オオイヌノフグリを見つけて、花弁の淡い青と「デカい犬のキンタマ」という名前との乖離を笑うことでどうにか気を紛らわせながら通学路を歩いているような学生時代だった。
いつも地面を見ていて、ツユクサを見つけるとことさら嬉しかった。とっとと梅雨になって欲しかった。

オガワは恐らく自分が思っているより体の弱い個体で、学生期の「移動」という作業は、春は過剰適応に近かったのだと思う。
一応「全く通えない」というエラーは生まなかったものの、上記のような鬱屈した思想を抱えた人間が周りに迷惑をかけずに過ごせていたかは皆目謎である。
ちなみに現在も春は調子を崩しやすく、頭痛薬をひと月で一箱使うし、強風恐怖症なので風の強い日は布団をかぶって動かない日がそこそこある。

現在、仕事はテレワークで、オガワの居住空間に他者は同居しておらず、他者と繋がりを持つ目的のSNS運用をやめている。

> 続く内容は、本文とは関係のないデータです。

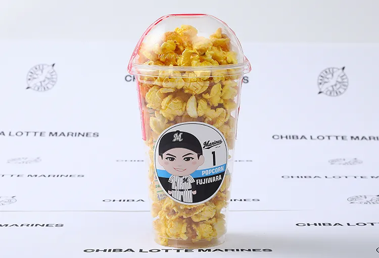 はじけるおいしさ、球場グルメにピッタリ!!一度食べたら止まらな~い、藤原選手の「絶品旨塩ポップコーン」みんなでシェアして、笑顔で笑顔ではじけよう!

コミュニティに「安定したオガワ」を示す場面が少なくなったのが、春が大丈夫になった一番の要因だと思う。
そも、春のオガワは不安定なのだ。

また、春はコミュニティ内の入れ替えが激しかったりする。誰がどの立場になるかをよく見なくちゃならないし、学生時代は自分の立場が勝手に変更された。
その中で、他者には「安定したオガワ」という幻想を見せなければならない。不安定な人間はコミュニティから排除されやすいため。

学年が上がっても体調は悪くなく、
学年が上がっても怒りや苛立ちを示さず、
安定したオガワで。

え、大変だ。オガワは春大体頭が痛いのだ。
怒りや苛立ちを示さない、は無表情で良いということではなく「敵意のない振る舞いをしろ」ということで、ずっと笑っていると効率が良い。
オガワは春、大体頭が痛いのにずっと笑っていなければならなかった。
そりゃ、春を嫌いになる。大変すぎる。

今は楽なものだ。
最近暖かいので、縁側でひとりBBQをする。顔は無表情でいい。